In my experience, certain aspects increase risks when using go:

1\. go is buggier for Windows than Linux and FreeBSD, even though they are all
"first class" platforms in go.

2\. cgo is also buggier for Windows than Linux and FreeBSD. cgo is not go, as
Rob Pike said, so this is listed separately.

3\. 386 was buggier than x64, at least in go 1.2 to 1.3 on Windows.

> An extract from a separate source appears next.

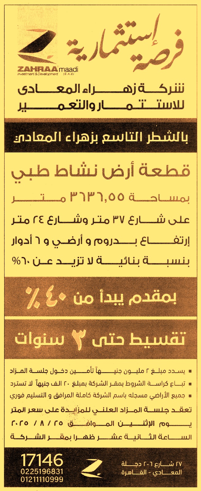 HOT Information مزايدة علنية لعملية بيع قطعة أرض بنشاط طبي بمساحة 3636.55م على شارع 37م وشارع 24م ارتفاع بدروم وأرضي و6 أدوار بنسبة بنائية لا تزيد عن 60% (بمقدم يبدأ من 40% وتقسيط حتى 3 سنوات) عن جريدة الأهرام Post navigation الجمعية التعاونية للبناء والإسكان للعاملين بالوحدة المحلية لمدينة سفاجا الهيئة العامة للأبنية التعليمية

I wish I
could ignore 386 and XP but I cannot.

So if a project includes all of the above aspects, well...it wasn't a good
outcome for me, so I ended up sticking with C and C++ on Windows for non-hobby
software.

However, I've been very happy with go 1.4.3 + cgo + x64 on FreeBSD 10 and will
probably update to go 1.6 or 1.7 within a year.

Regarding go on Windows, I'm hoping to see go-sqlite3 issue #272 resolved:
[https://github.com/mattn/go-sqlite3/issues/272](https://github.com/mattn/go-
sqlite3/issues/272)

And go issue #14397 cmd/link, runtime: panic "invalid spdelta" with
-ldflags="-linkmode internal"

And go issue #10776 cmd/link: windows cgo executables missing some DWARF
information

And go issue #12516 runtime: throw in linked c++ library causes app crash even
if caught, on windows platform

And so on...

I really love using go (with cgo) on non-Windows platforms, but I can't see
this combo being useful on Windows for mission critical projects for a while.
There's so much more to go than the language itself and switching gears to use
other languages that don't offer that is painful.

Maybe LXSS.sys will eventually make this irrelevant -- at least for companies
that migrate from older versions to Windows 10 or to a non-Windows OS.

------
verytrivial
(I went to high school with Dave. Hi, Dave! Signed, misc. Banyule Alumnus)